Taming interfacial electronic effects on Pt nanoparticles modulated by their concomitants has emerged as an intriguing approach to optimize Pt catalytic performance. Here, we report Pt nanoparticles assembled on vacancy-abundant hexagonal boron nitride nanosheets and their use as a model catalyst to embrace an interfacial electronic effect on Pt induced by the nanosheets with N-vacancies and B-vacancies for superior CO oxidation catalysis. Experimental results indicate that strong interaction exists between Pt and the vacancies. Bader charge analysis shows that with Pt on B-vacancies, the nanosheets serve as a Lewis acid to accept electrons from Pt, and on the contrary, when Pt sits on N-vacancies, the nanosheets act as a Lewis base for donating electrons to Pt. The overall-electronic effect demonstrates an electron-rich feature of Pt after assembling on hexagonal boron nitride nanosheets.

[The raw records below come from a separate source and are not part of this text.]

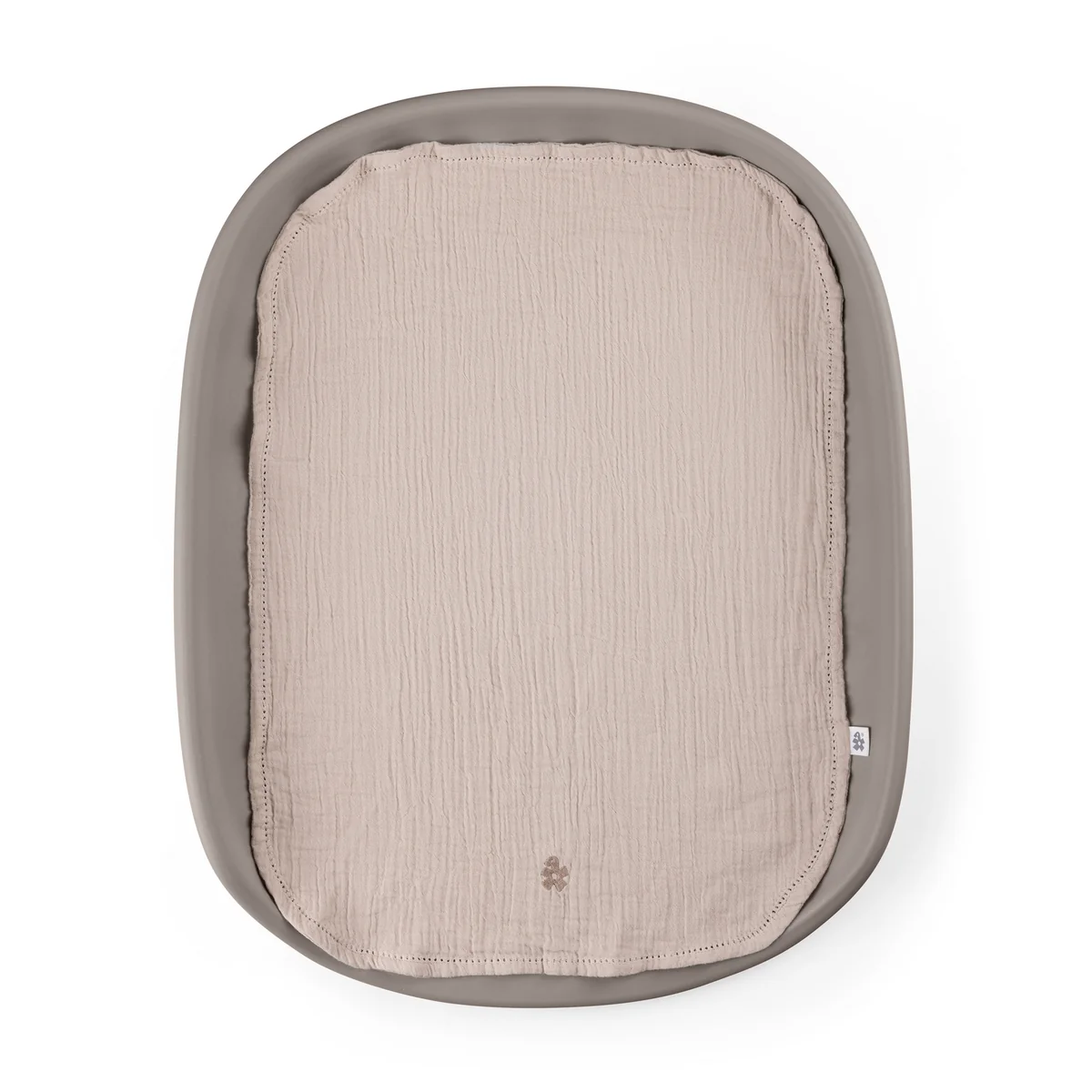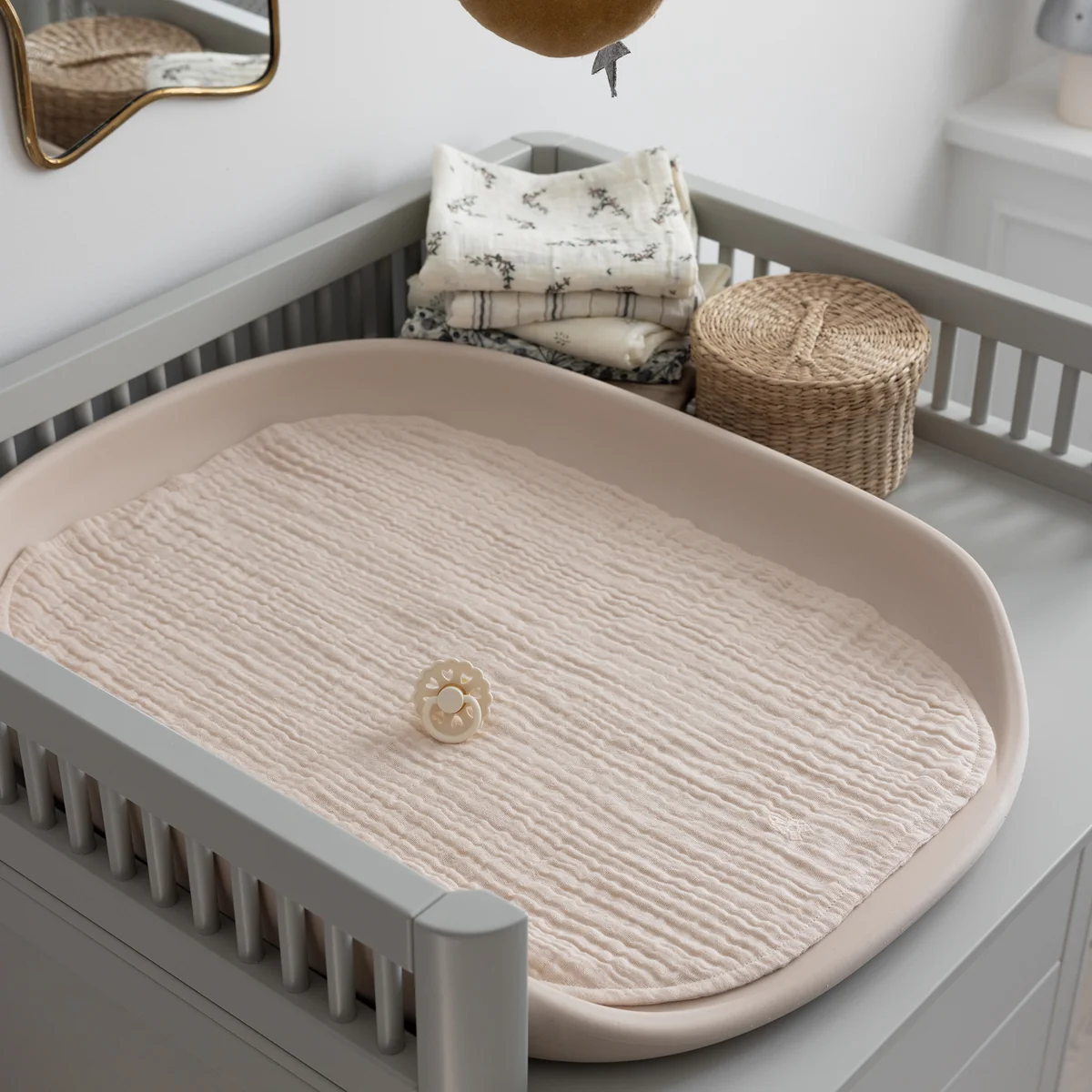 De zachte textuur van de mousseline stof geeft baby een knus en comfortabel oppervlak tijdens het verschonen. Het royale formaat van het aankleedkussen biedt voldoende ruimte en comfort om een aangename luieromgeving te creëren.
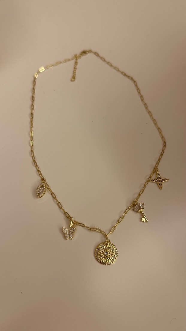 Bohem Zincir Detaylı Altın Renk Kolye
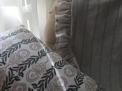 This is a beautiful duvet and sham set that I purchased to go with the oversized Studio McGee pillow in the picture. It is a perfect not quite white and creamy beige stripe of a linen-like textured material. Ironed like a dream. I’m waiting to find sham stuffers that will fill the generously sized shams. I was so happy to see it go on sale and had to snap it up! It will be a wonderful spring summer set.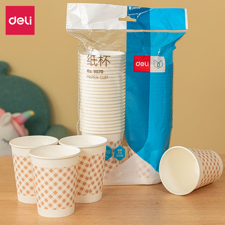 Deli Stationery 9570 Thickened Paper Cup 250ml Disposable Cup 50 Packs Drinking Cup Thickened Paper Cup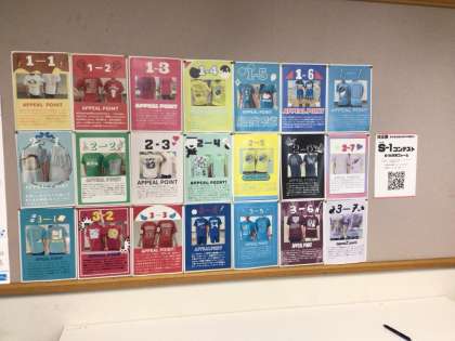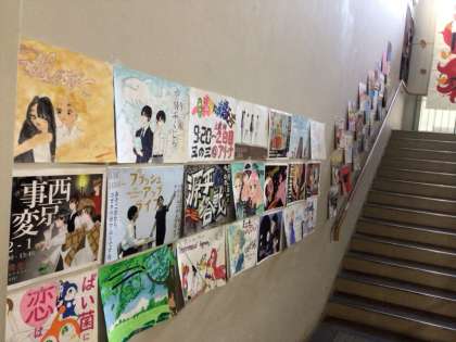 1階階段の壁には各クラスのポスターを掲示しています。また4階廊下ではクラスTシャツデザインコンテストを行っています。各クラスが工夫を凝らしたポスターやTシャツデザインを是非ご覧ください!

Such an interfacial electronic effect makes Pt favour the adsorption of O2, alleviating CO poisoning and promoting the catalysis.

Suggested Citation

  • Wenshuai Zhu & Zili Wu & Guo Shiou Foo & Xiang Gao & Mingxia Zhou & Bin Liu & Gabriel M. Veith & Peiwen Wu & Katie L. Browning & Ho Nyung Lee & Huaming Li & Sheng Dai & Huiyuan Zhu, 2017. "Taming interfacial electronic properties of platinum nanoparticles on vacancy-abundant boron nitride nanosheets for enhanced catalysis," Nature Communications, Nature, vol. 8(1), pages 1-7, August.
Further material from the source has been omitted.